Much, much later, when my spine fractured, my journal supported my healing as I stoically (and bloody-mindedly) learned how to heal myself naturally
The cost of stress and anxiety
I have no idea what the cost of stress and anxiety is to individuals, families, businesses or communities right now. But I imagine the fallout of this virus will be far-reaching for many years to come.
It is likely that the number of prescriptions for an anti-depressant, anti-anxiety, and anti-insomnia medications will have risen. Again I have no idea of what kinds of numbers. And while these have a place, there does have to be a better way or perhaps a different way for some people.
For me, having once taken Prozac at a terrible point in my life, I know that short-term they can be helpful. They were amazing, and I had an exit plan, so I knew this was to hold me up, and get some peace while I implemented my plan. But I wouldn’t want to take them again. And why would I when I have discovered things that support me in a better way?
Solutions?
So often, people don’t know where to find the solutions and resources to their anxiety. Doctors must be overloaded, and they are certainly feeling the pressure too. The question is, how do you find and maintain your inner peace in such uncertain times?
Writing in your journal
The biggest thing that has supported me all of my life is writing in my journal.
As a long-term journaler, I get lots of my stuff out each night before I go to bed. I reflect on my writing often and write short stories which cover a range of conflicts and emotions. Writing might not be for everyone, but there is research which proves its effectiveness and cognitive behaviour therapy (CBT), amongst other interventions, uses writing to focus reflection and enable change.
When my spine fractured in 2018, I was in immense pain. For a few days, I stared at the ceiling drifting in and out of painful sleep. What helped me was, first of all, writing in a journal. When I say writing, it was often screaming through words.
Then deciding to write a blog and book about my healing so that I could support others. Because I was unable to work, this became my work. I spent endless days researching and studying, and working out how to heal naturally.

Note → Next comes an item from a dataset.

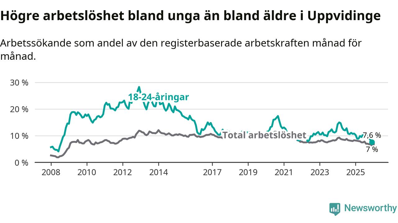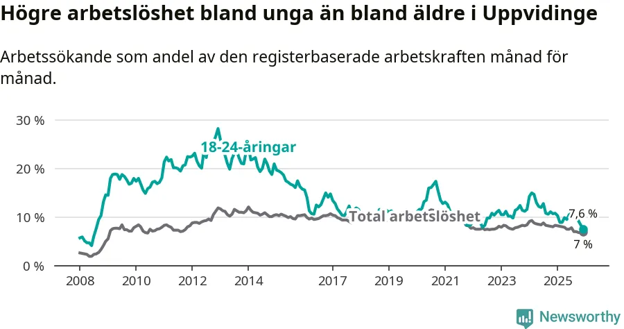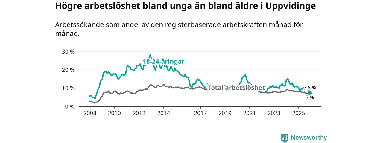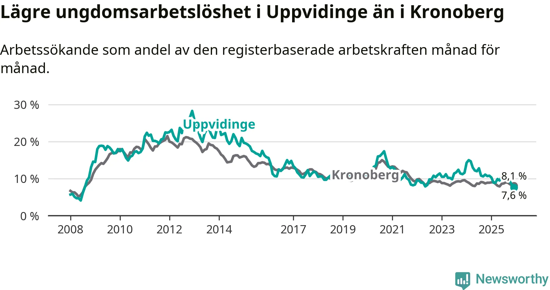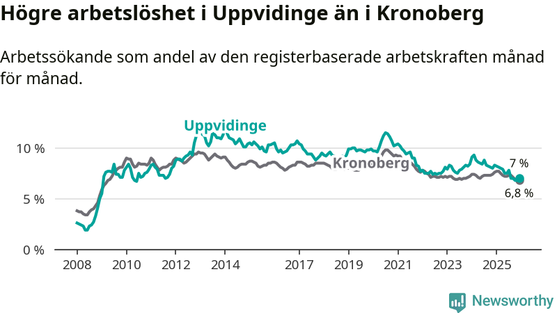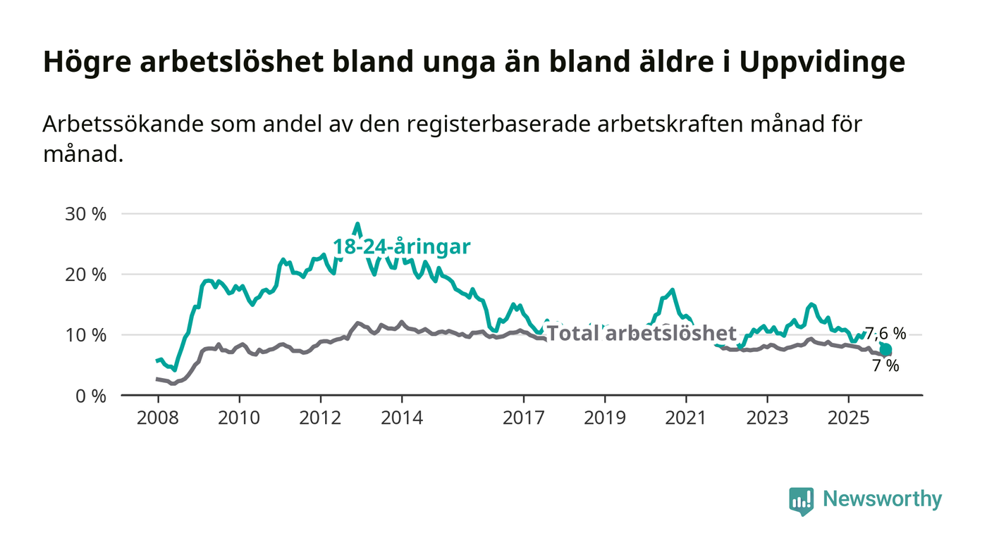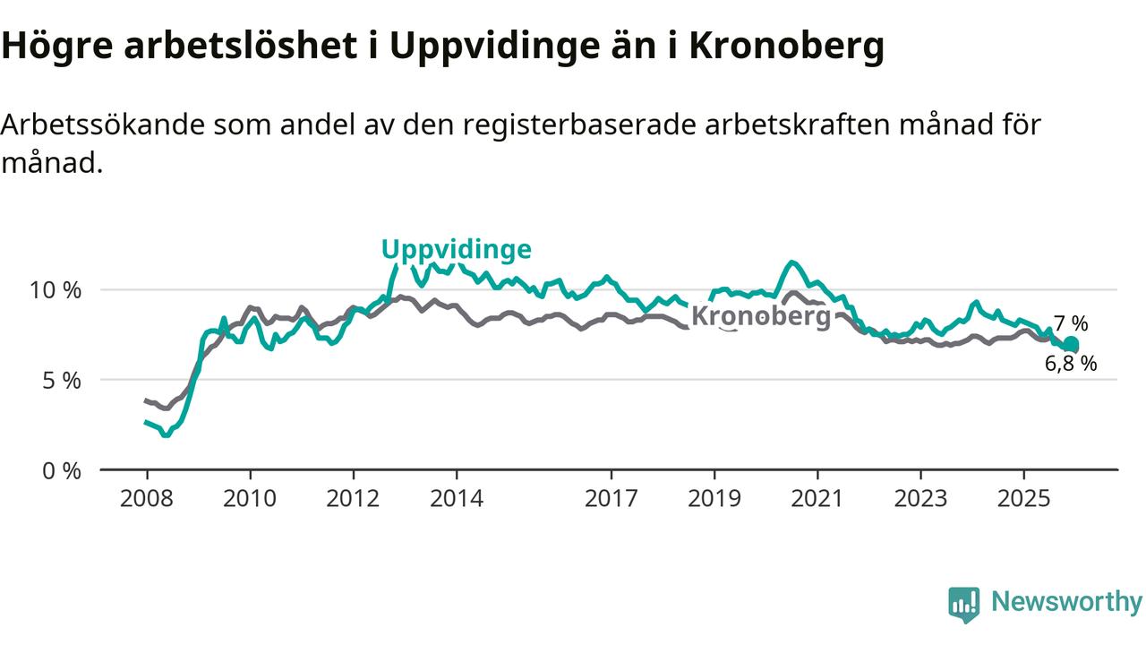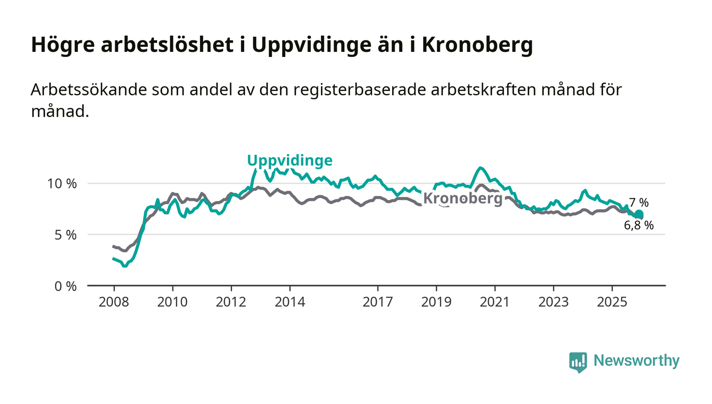 Medan Uppvidinge har högre total arbetslöshet än Kronoberg, ligger ungdomsarbetslösheten 0,5 procentenheter lägre i Uppvidinge.

Luckily I had trained as a naturopathic nutritionist. I had been interested in nutrition and healing since my twenties. But nonetheless, I felt like I was taking a medical degree with all of the other things I looked at.
Writing in my journal, I believe saved my life
I know writing works. Cathartic, entertaining, and sometimes embarrassing writing has certainly been my saviour.
Try it for yourself. You may be amazed.
You start by buying a journal and simply allowing your words to flow. The power comes when you reflect and discover aha’s.
Some people find it difficult to journal. If that’s you, try this 28 day introduction to journaling course. It could be just what you need…
Start your day well
- Choose a word of the day – this is how you want your day to be
- Turn that into an affirmation
- Turn the affirmation into how can I…?
My invitation is that you try this for at least 28 days and reflect on how this brings you greater inner peace.